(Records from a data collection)

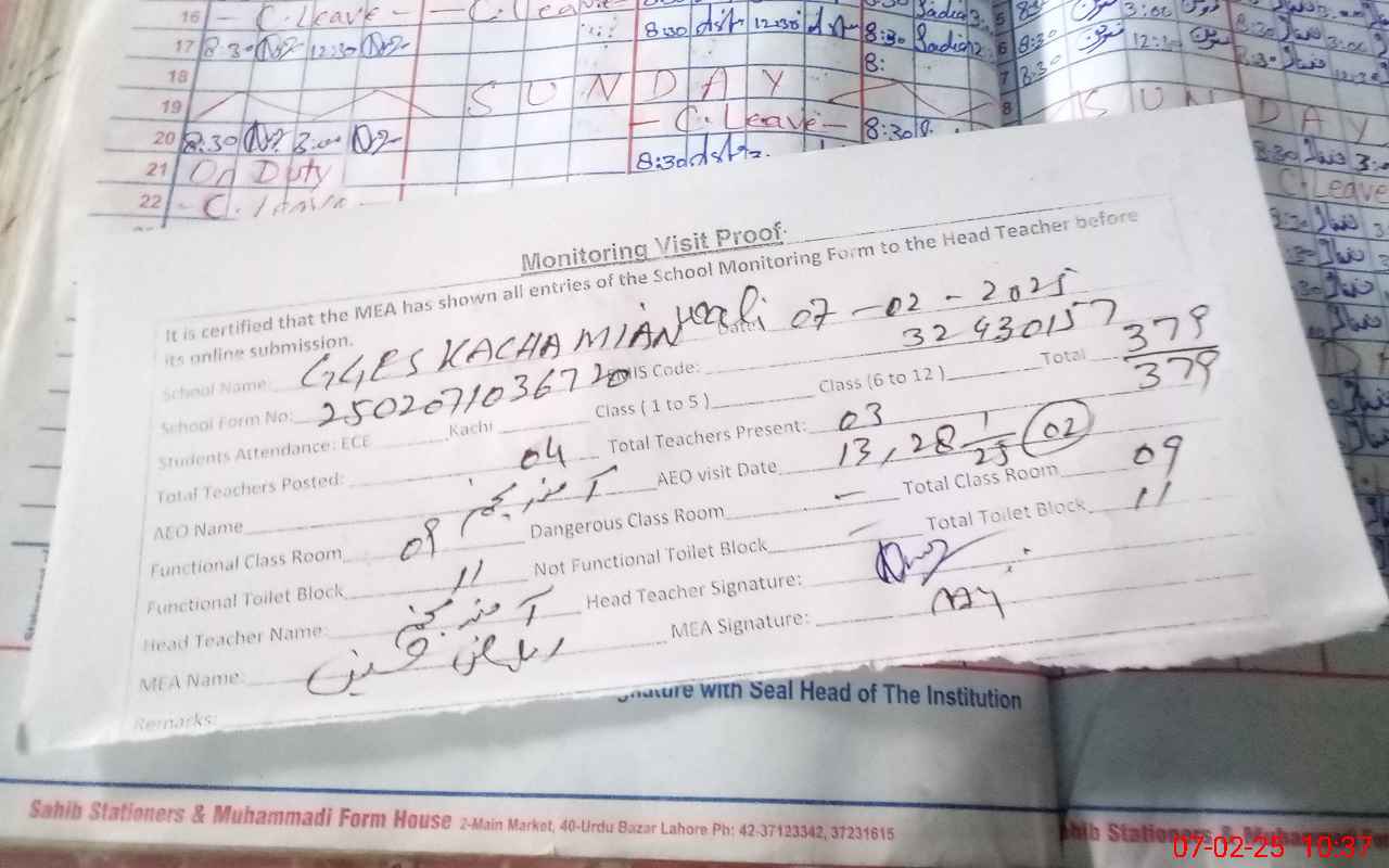 | EMIS Code: 32430157 | Name of School: GGES KACHA MIAN WALI | |||
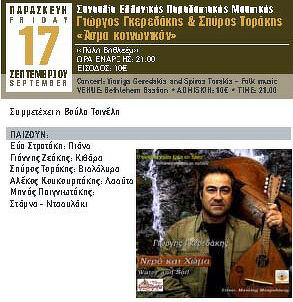 Συναυλία Ελληνικής Παραδοσιακής Μουσικής με τον Γιώργη Γκερεδάκη και τον Σπύρο Τοράκη «Άσμα κοινωνικό» την ΠΑΡΑΣΚΕΥΗ 17 ΣΕΠΤΕΜΒΡΙΟΥ 2010 στις 21:00 στην «Πύλη Βηθλεέμ».
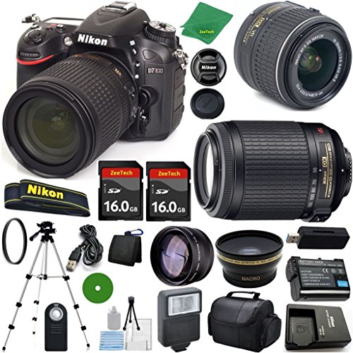 Nikon D7100 International Version - No Warranty, 18-55mm f/3.5-5.6 VR, Nikon 55-200mm f4-5.6G ED VR Nikkor, 2pcs 16GB ZeeTech Memory, Case, Wide Angle, Telephoto, Flash
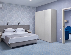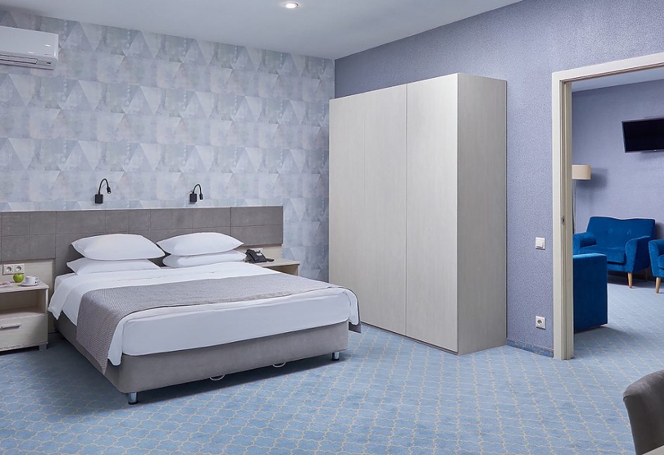 вешалка, диван, кровать двуспальная/ две полутороспальные кровати, прикроватные тумбочки, стол, стулья, шкаф
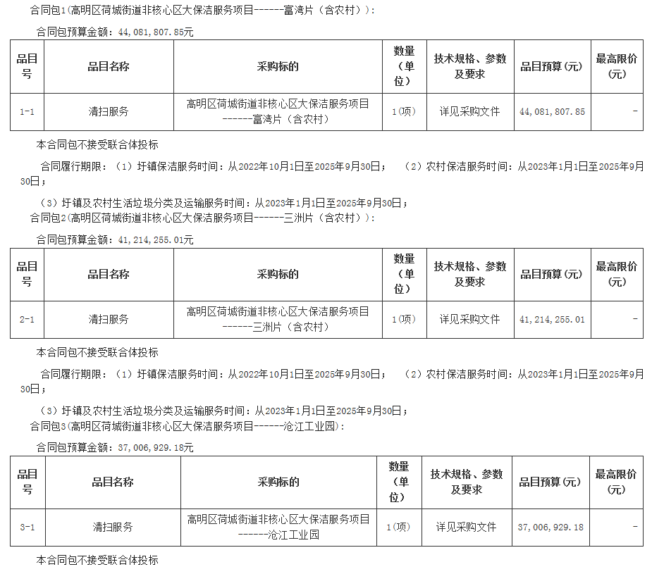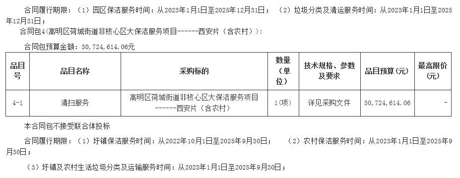 高明区荷城街道非核心区2022年至2025年大保洁服务项目招标公告

Work to complete:
Retype the data above exactly. Leave the pictures out.

Solution to this problem:
 | EMIS Code: 32430157 | Name of School: GGES KACHA MIAN WALI | |||
 Συναυλία Ελληνικής Παραδοσιακής Μουσικής με τον Γιώργη Γκερεδάκη και τον Σπύρο Τοράκη «Άσμα κοινωνικό» την ΠΑΡΑΣΚΕΥΗ 17 ΣΕΠΤΕΜΒΡΙΟΥ 2010 στις 21:00 στην «Πύλη Βηθλεέμ».
 Nikon D7100 International Version - No Warranty, 18-55mm f/3.5-5.6 VR, Nikon 55-200mm f4-5.6G ED VR Nikkor, 2pcs 16GB ZeeTech Memory, Case, Wide Angle, Telephoto, Flash
 вешалка, диван, кровать двуспальная/ две полутороспальные кровати, прикроватные тумбочки, стол, стулья, шкаф
 高明区荷城街道非核心区2022年至2025年大保洁服务项目招标公告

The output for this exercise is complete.